No trânsito pelo corredor, eu e minhas neuroses
Ninguém tá doando amor
E do que trouxe a paz, outra dose
Admitam, toda verdade absoluta é uma fraude
Embucha outro engodo
Enlouqueci, mas já era tarde
Não deixei terminar a frase, só deixei ir
Vaguei, paguei caro
Sem grana, acordei cedo
Às oito, no trampo, ainda lido com drogas
Nesse trampo do centro
Dividindo um café com um mendigo em trapos
Que canta versos que eu vivi noutro momento
Pra lembrar a fé que viu no camarim
Imagens que falam de mim, noutro tempo

Comparar Nego Gallo ao John Constantine é extremamente sutil. O personagem da DC combate os demônios sobrenaturais em um universo que os super-heróis não são o suficiente para o mesmo. Gallo também combate os demônios, mas aqueles que assombraram sua vida por um bom tempo, as drogas. Essa busca ultrapassa as barreiras da música, e o MC também busca contribuir ajudando dependentes químicos da sua comunidade.

O céu assiste às séries
Se é um filme, eu tô tipo o Constantine
Dedo médio em riste
Uma frase muda o fim do filme
À frente, a morte
Não ser uma fraude
Abutres aplaudem sob o sol forte
Exalta a humildade só
A vida manda ser forte

Com este histórico pautado em uma causa social, Gallo buscou seu próprio caminho e respostas para suas angústias, sem, por exemplo, almejar uma carreira de destaque no mainstream. Este sucesso viria a se materializar, de certa forma, mais tarde com o seu disco Veterano (2019).

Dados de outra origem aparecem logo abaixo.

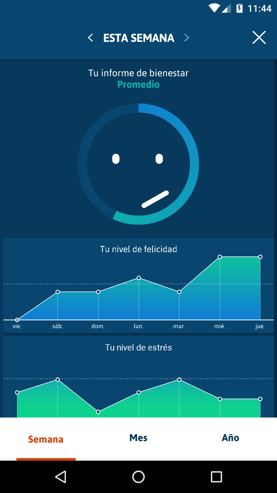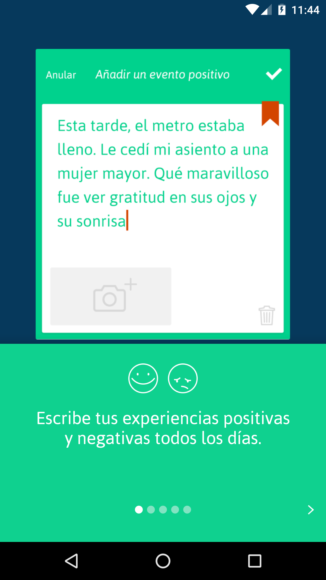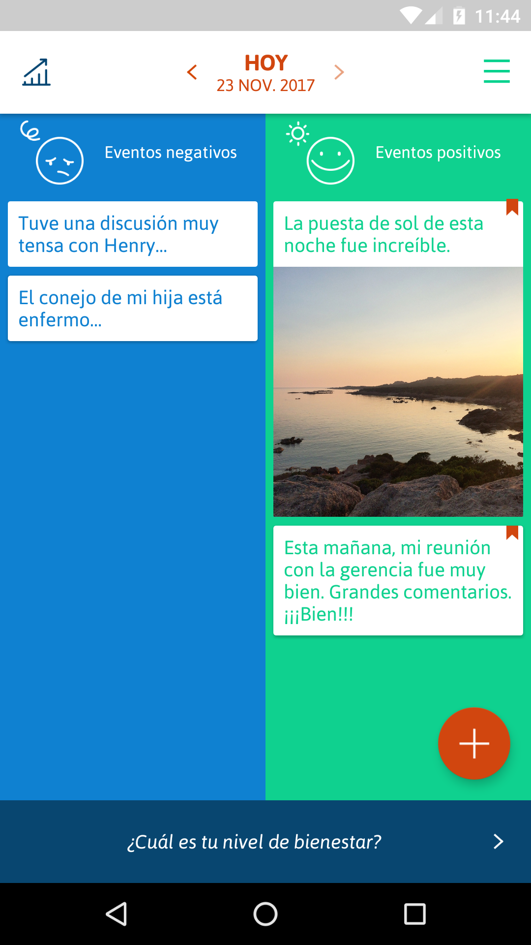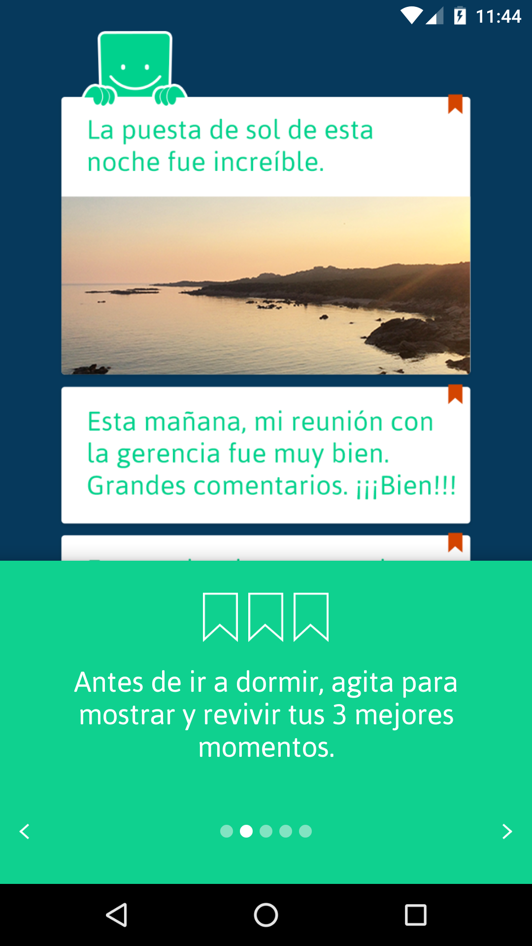 Smylife, una aplicación sencilla para mejorar tu bienestar. Usada diariamente, la aplicación Smylife ayuda a reforzar tu positividad y a aumentar significativamente tu bienestar. Sentirás sus efectos después de 2 o 3 semanas, reduciendo la tensión y la ansiedad. Inspirada en un ejercicio simple utilizado por muchos entrenadores y practicantes de psicología positiva, esta aplicación te ayuda a bajar tu nivel de estrés. Cada noche: - Anota las experiencias negativas y positivas del día. - Concéntrate en las tres mejores antes de ir a dormir. Smylife: un método comprobado y testado, facilitado digitalmente. Con Smylife, tu teléfono inteligente reemplaza la agenda: - Escribe las experiencias del día a medida que avanza - Clasifícalas por importancia - Recuérdalas para rememorar las mejores También puedes: - Ilustrar tus positivas (o negativas) experiencias con fotos sacadas en el momento - Comparte las mejores con tus amigos en las redes sociales, a través de mensaje de texto o por correo electrónico. - Los recordatorios te ayudan a organizarte y practicar el ejercicio diariamente - Un práctico barómetro mide tu bienestar y su progresión Usar Smylife es ser parte de la comunidad de Smylife, así como participar en su evolución y en una fascinante aventura humana. Con Smylife, sonríele a la vida, a tu vida: la que construyes, proteges y tomas el control. Smylife, ¡es tu vida! Más concretamente: Todos los días, escribe en Smylife las experiencias positivas y negativas que vives – sean las que pasen en el trabajo, en el colegio o en tu vida personal. Puedes ilustrarlas sacando fotos directamente en la aplicación, o vinculándolas a través de tu álbum. Hazlo en tu tiempo libre, tu viaje diario o en un tiempo específico del día. Para ayudarte, ¡programa tus recordatorios! ¡La felicidad crece cuando se comparte! Con solo un toque, envía una emoción de Smylife a tus familiares, en las redes sociales, a través de un mensaje de texto o por correo electrónico. Todas las noches, antes de irte a dormir, lee de nuevo tus anotaciones y selecciona los eventos positivos del día. ¡Si no has escrito nada, piensa en tu día y anótalos! Agita tu teléfono y concéntrate en esos momentos agradables antes de irte a dormir. Proporciona tus niveles de felicidad y estrés de un período determinado a la frecuencia que elijas, para medir el estado de tu bienestar. Sigue la evolución de su estrés, felicidad y bienestar a través del tiempo con el barómetro Smylife. Al hacer tus pequeños ejercicios con regularidad, encontrarás que tu bienestar está creciendo y, finalmente, se estabilizará a un alto nivel. ¡Estarás mejor preparado/a para el estrés diario!

Uma frase muda o fim do filme

A repetição de “uma frase muda o fim do filme” logo após este verso do Constantino e antes de Don finalizar a faixa imprimem a ideia que tudo poderia ser diferente. Porém, esse drama não é a resposta ao questionamento, a fé que faltava se esconde em um lugar muito mais profundo.

Uma frase muda o fim do filme
São tantos caminhos
Tantos desvios
Depois de perder o sentido
Uma frase muda o fim do filme, uhh
Uma frase muda o fim do filme
Mas é interno o maior labirinto
‘Cê tá ligado bem, amigo
De volta ao motivo
Não
De volta ao motivo do motivo
Mil voltas no mundo
Em buscas e buscas
Depois, mais mil voltas em círculos
Um circo, num cerco de insanidade (uhh)
A fim de recuperar o que ‘cê já tinha no início

A fé que ele se refere está sempre com você, independente dos caminhos e o labirinto que o destino possa proporcionar, a motivação original que é responsável por te moldar estará sempre lá. É a fé em si mesmo e nos ideais que o seu contexto moldou.

Esquecer essa fé significaria o fim do Don L, pelo menos como aquele MC que conhecemos e aprendemos a admirar. Mas esse momento de hesitação, de desmotivação, é necessário para que ele e o ouvinte  possibilitem uma reconexão com seu início pessoal. Neste sentido, a presença do Gallo na faixa é fundamental, pois traz uma espécie de solução às angústias do Don e lança luz para uma nova perspectiva de encarar todos estes questionamentos tão íntimos.

Por isso, quando afirmo que esta é a melhor faixa do Don, me refiro principalmente a uma música que vai durar por gerações, o blueprint que irá inspirar muitos artistas durante anos.

“Aquela Fé” e, consequentemente, RPA3 conquistam isso e reafirmam Don L como um dos melhores compositores e intérpretes do rap nacional.